(334ak) Smart Biomanufacturing: A Process Systems Engineering and Artificial Intelligence Approach | AIChE

(334ak) Smart Biomanufacturing: A Process Systems Engineering and Artificial Intelligence Approach

Research Interests

My core research interests consist of data and complex systems under the general theme of decision-making. How to make better decisions is a fundamental question for individuals, organizations, and societies, and there is no easy answer. Systems research, especially process systems engineering (PSE), with the help of artificial intelligence (AI), is the approach I plan to use to tackle some of the biomanufacturing decision-making challenges.

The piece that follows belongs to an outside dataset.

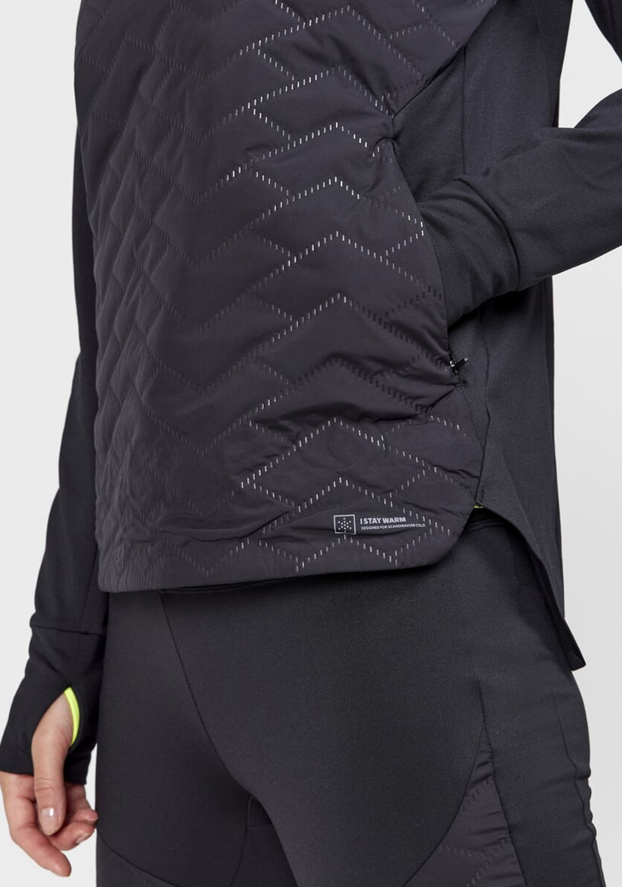 Další parametry: Přední část bundy je zateplená, což poskytuje ochranu před chladem, zatímco větruodolná membrána chrání před průvanem. Límec se zipem nabízí dodatečnou ochranu krku proti větru a chladu. Reflexní detaily po celém obvodu zajišťují lepší viditelnost a bezpečnost během běhu za snížené viditelnosti. Měkký, česaný fleece z vnitřní strany bundy poskytuje příjemný pocit a zvyšuje tepelnou izolaci. Široké manžety na rukávech s otvory na palce umožňují přetažení přes ruce, čímž zajišťují lepší ochranu před chladem. Bunda má dvě přední kapsy na zip, které poskytují dostatek místa pro drobné předměty, jako jsou klíče nebo telefon. Tato bunda je ideální volbou pro běžkyně, které hledají funkční a pohodlné řešení pro zimní tréninky. Zateplený přední díl v kombinaci s elastickými, prodyšnými zády a rukávy zajistí, že zůstanete v teple, suchu a pohodlí i při intenzivní fyzické aktivitě v chladných podmínkách.

The production and sale of monoclonal antibody (mAb) therapeutics are a hundred-billion-dollar and expanding biopharmaceutical industry to treat cancer, immune disorder, cardiovascular disease, and inflammatory diseases. However, mAbs are currently produced commercially in fed-batch cultures using media recipes and predetermined operating protocols based primarily on heuristics. Such a heuristic-based approach often leads to suboptimal production outcomes and requires costly experimentation to improve existing protocols. On-line control of mAb productivity and product quality metrics is not widely adopted for several reasons. For instance, measurement of critical quality attributes (CQAs) such as glycan distribution (the result of glycosylation) is available only after the process ends, making it impossible to adopt conventional feedback control. Cell growth, metabolism, antibody formation, and glycosylation are complex, multi-scale dynamics that are difficult to model. While currently available models can predict mAb synthesis or glycosylation dynamics accurately under specific process configurations, adapting them to new processes remains challenging.

It is tempting to contemplate adopting a purely data-driven approach; however, the unique challenges associated with modeling biopharmaceutical processes make such an approach less likely to succeed. On the one hand, the biopharmaceutical industry is not data-rich because it is expensive to generate data, and existing data are usually sparse. As a result, models trained using these data may not extrapolate well outside the training data. On the other hand, domain knowledge and mechanistic understanding of biochemical processes can compensate for the lack of data. These two considerations argue for a hybrid approach to the development of a model that is suitable for predicting and for model-based control of CQAs. Meanwhile, PSE techniques such as Kalman filtering and AI techniques such as artificial neural networks can be used to estimate CQAs based on other measurements and signals available on-line. The development of high-fidelity, hybrid, adaptable models and state estimation techniques allows us to apply existing PSE tools to design more efficient biomanufacturing processes and to control them.